The LNG market is going to be long, with LNG cargo supply over demand into next spring and summer. As prices fall back out of the money, it’s fairly likely the industry will see some cargo cancellations out of the US again, although not to the same degree experienced in 2020. There will still be a significant surplus of LNG supply in spring and summer 2021.  Yet another concern is the high newbuilds backlog for LNG carriers, which will add more vessel supply and create headwinds for rates. Orderbooks are historically low for crude and product tankers, bulkers and container ships. Not so for LNG tankers. The current orderbook for LNG vessels is equivalent to 23% of the existing fleet. However, 2021 will probably not be the panacea to the problems of 2020.
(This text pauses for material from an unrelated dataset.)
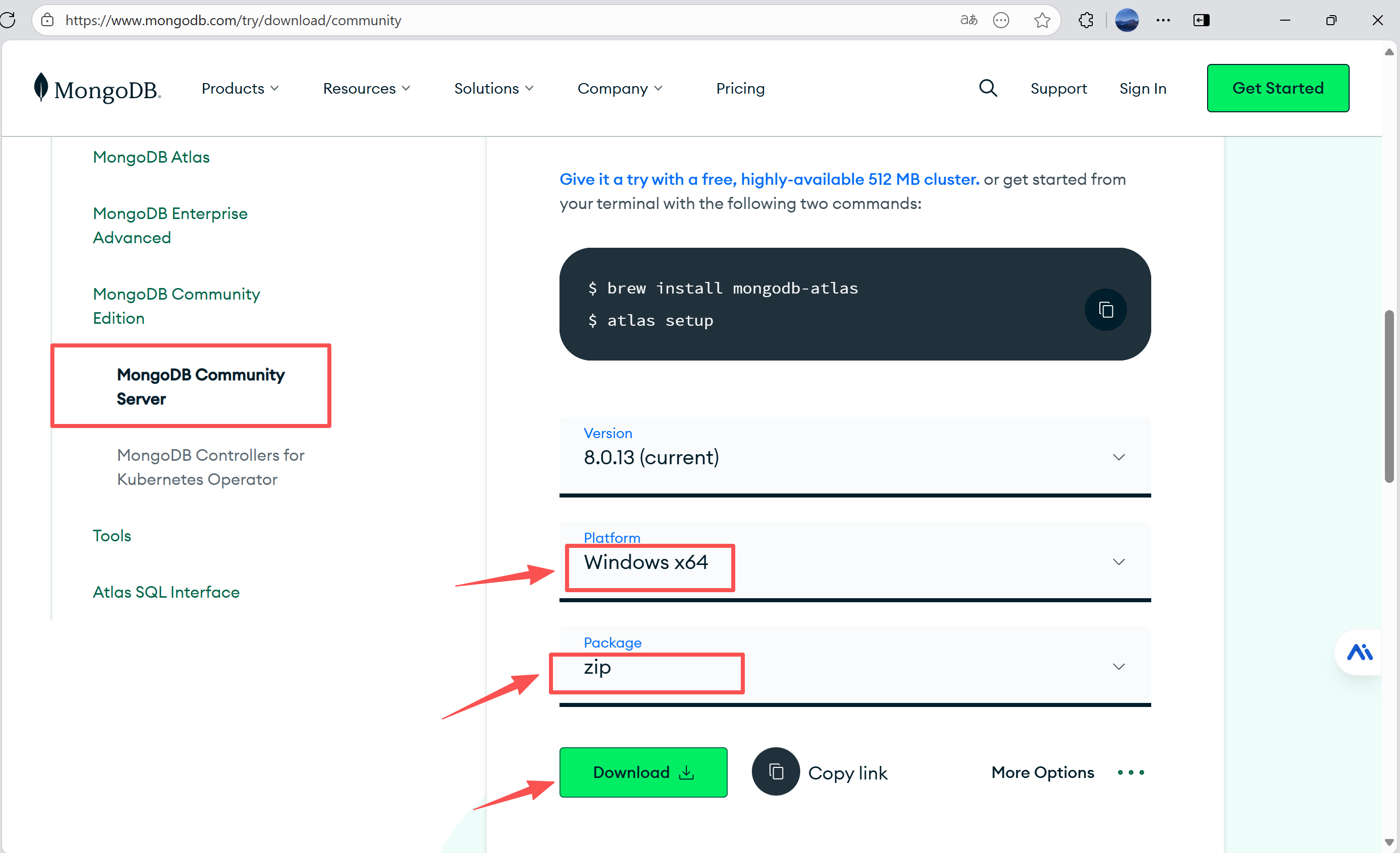 在 Windows 平台下,MongoDB 提供了两种安装形式: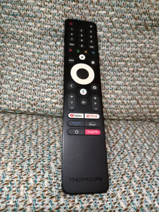 Mando a distancia para Smart TV Thomson. Diseño moderno y ergonómico. - Botones de acceso directo a YouTube, Netflix, Prime Video, Disney+ y Google Play. - Control de volumen y navegación intuitivo. - Micrófono integrado para comandos de voz.

COVID-19 fallout: FIDs halted

Fleet growth should be roughly the same as it has been over the past six years. But this has been supported by quite good demand growth.  The question is: Will we see the same good demand growth in the coming years? The answer to that is no.  In the wake of COVID-19, final investment decisions (FIDs) for new LNG export projects have ground to a halt. Existing construction has continued, but all the new investment decisions are being postponed. That’s a key issue. Fewer FIDs equate to less incremental volume at sea in the years ahead.

Seasonal strength notwithstanding, the industry does not foresee another cyclical upcycle for LNG shipping until 2024-25. If that is right, that’s too long of a wait for most equity investors. 


Exposure and Timing

In the near term, listed LNG companies with ships in the spot market or with variable-rate time charters stand to benefit.

  • Flex LNG have reported that their company has three ships on fixed time charters, three on variable hire and four in the spot market.Flex LNG’s share price is up 68% over the past six months.
  • Golar LNG has less exposure to current rates, as well as significant non-LNG exposure. The company stated they have ships on index-linked charters and a couple of ships that could potentially be in the spot market. But the vast majority of the fleet is on a fixed-rate structure, some of it up to a year and some slightly longer.
  • GasLog LNG reported that half of its ships were in the short-term or spot market or had variable charters.

But even for companies with spot exposure, it ultimately comes down to timing.  A round-trip voyage from the US to Asia takes two to three months. Very few LNG carriers are on spot, unemployed and in the right position to take advantage of today’s unprecedented rates.